Thermal Decomposition Kinetics and Viscoelastic Properties of Epoxy Nanocomposites: Comparative Study of Graphene, GO, and rGO Nanoparticle Effects

ABSTRACT Graphene‐family nanofillers were dispersed at loadings (≤ 0.60 wt%) into a diglycidyl ether of bisphenol‐A epoxy to elucidate how the sheet chemistry of graphene (Gr), reduced graphene oxide (rGO), and graphene oxide (GO) governs thermal stability and visco‐elastic behavior. Thermogravimetric analysis (TGA) showed that Gr raised the 5% mass‐loss onset temperature by 25.7°C and lowered the peak degradation rate by 18% versus neat epoxy, whereas rGO and GO offered moderate gains. Isoconversional kinetic modeling indicated a 15 to 25 kJ mol −1 increase in apparent activation energy throughout the conversion range, confirming that Gr creates a more energy‐intensive degradation pathway through tortuous, heat‐shielding barriers.
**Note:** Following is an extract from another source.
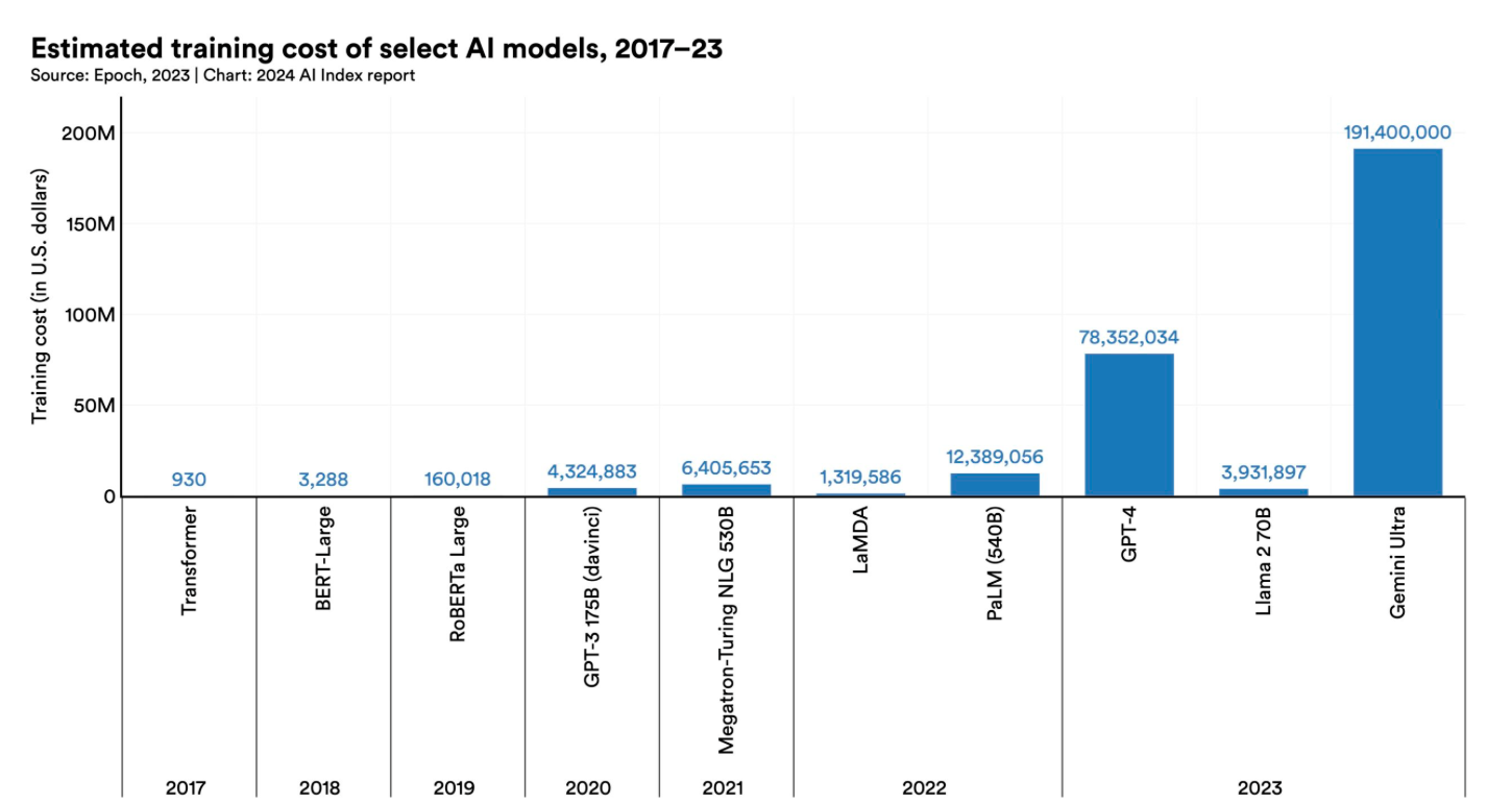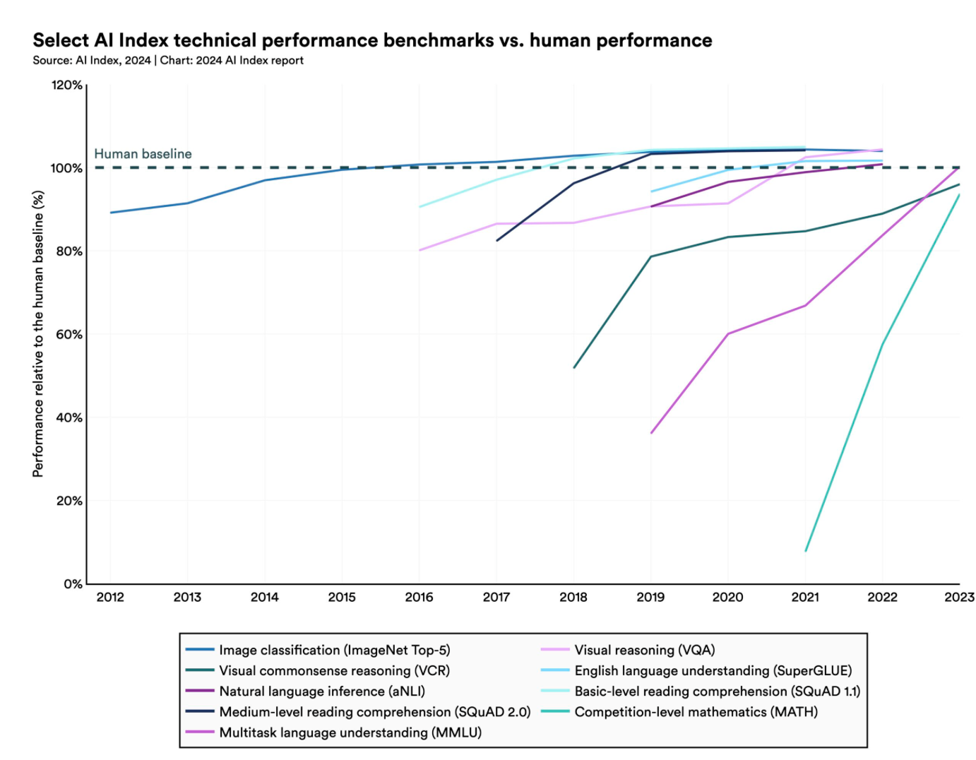 Here I've included some charts recently published as part of the Stanford 2024 State of AI report. These are important because they can be interpreted differently depending on the story and the context. As always, charts can lie.

Dynamic mechanical analysis (DMA) revealed a 16.6% enhancement in storage modulus ( E ') at 25°C for the Gr composite while maintaining tan δ = 0.43, evidencing efficient stress transfer without compromising damping. All improvements were realized below the electrical percolation threshold, preserving viscosity and density critical for aerospace and electronic encapsulation. These results establish pristine graphene as the most effective single additive route to simultaneously elevate thermal reliability and mechanical resilience in epoxy matrices, while rGO and GO enable application‐specific tuning of damping or glass transition temperature.